[REQUIRED ACTION] The answer must consist only of the lines from the line with "La FiscalÃa General" to the line with "3d floral heart digital paper", both included, exactly as they stand below.

[SOURCE RECORDS]

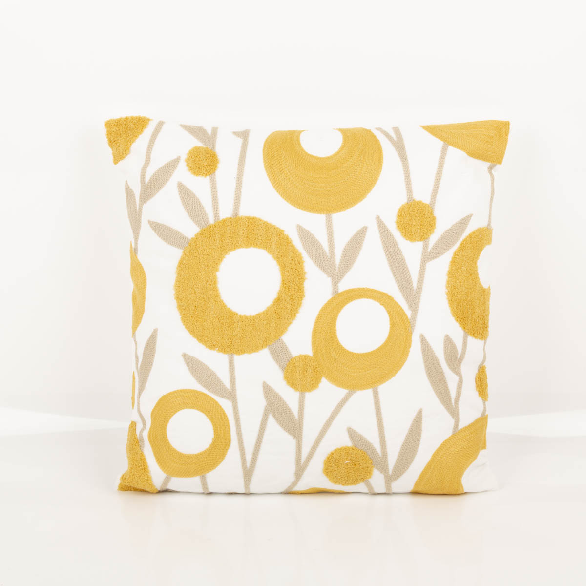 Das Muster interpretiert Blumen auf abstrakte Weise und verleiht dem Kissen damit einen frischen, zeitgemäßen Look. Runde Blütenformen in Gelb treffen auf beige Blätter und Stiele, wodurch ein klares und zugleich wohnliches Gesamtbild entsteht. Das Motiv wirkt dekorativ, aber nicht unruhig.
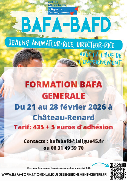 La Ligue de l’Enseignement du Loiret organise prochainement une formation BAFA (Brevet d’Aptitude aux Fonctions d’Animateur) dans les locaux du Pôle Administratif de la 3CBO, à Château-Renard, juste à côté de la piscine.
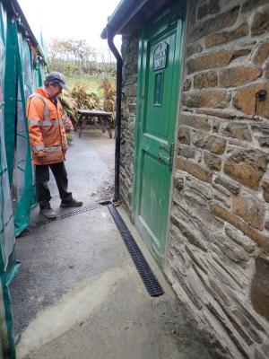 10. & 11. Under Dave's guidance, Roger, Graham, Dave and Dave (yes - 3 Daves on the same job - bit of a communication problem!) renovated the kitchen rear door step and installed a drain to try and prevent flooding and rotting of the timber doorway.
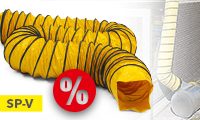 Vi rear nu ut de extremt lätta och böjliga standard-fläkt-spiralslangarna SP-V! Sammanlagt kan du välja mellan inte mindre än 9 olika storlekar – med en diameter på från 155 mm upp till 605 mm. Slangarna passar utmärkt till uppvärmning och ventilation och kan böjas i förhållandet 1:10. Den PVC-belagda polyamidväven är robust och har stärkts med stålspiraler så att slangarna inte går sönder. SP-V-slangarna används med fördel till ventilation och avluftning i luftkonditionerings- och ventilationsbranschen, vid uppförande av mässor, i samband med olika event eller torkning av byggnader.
...
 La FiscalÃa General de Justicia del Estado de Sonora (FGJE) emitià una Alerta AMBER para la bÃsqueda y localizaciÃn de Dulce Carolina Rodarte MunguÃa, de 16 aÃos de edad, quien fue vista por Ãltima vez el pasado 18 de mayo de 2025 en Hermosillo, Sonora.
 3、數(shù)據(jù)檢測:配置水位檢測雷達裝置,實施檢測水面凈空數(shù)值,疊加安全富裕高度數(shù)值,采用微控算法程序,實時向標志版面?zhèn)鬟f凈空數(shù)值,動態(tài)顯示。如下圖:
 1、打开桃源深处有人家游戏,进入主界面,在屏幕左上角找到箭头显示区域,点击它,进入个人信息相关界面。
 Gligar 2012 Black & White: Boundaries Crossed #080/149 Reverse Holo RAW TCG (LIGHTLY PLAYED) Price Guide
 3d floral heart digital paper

[WRITTEN RESPONSE]
 La FiscalÃa General de Justicia del Estado de Sonora (FGJE) emitià una Alerta AMBER para la bÃsqueda y localizaciÃn de Dulce Carolina Rodarte MunguÃa, de 16 aÃos de edad, quien fue vista por Ãltima vez el pasado 18 de mayo de 2025 en Hermosillo, Sonora.
 3、數(shù)據(jù)檢測:配置水位檢測雷達裝置,實施檢測水面凈空數(shù)值,疊加安全富裕高度數(shù)值,采用微控算法程序,實時向標志版面?zhèn)鬟f凈空數(shù)值,動態(tài)顯示。如下圖:
 1、打开桃源深处有人家游戏,进入主界面,在屏幕左上角找到箭头显示区域,点击它,进入个人信息相关界面。
 Gligar 2012 Black & White: Boundaries Crossed #080/149 Reverse Holo RAW TCG (LIGHTLY PLAYED) Price Guide
 3d floral heart digital paper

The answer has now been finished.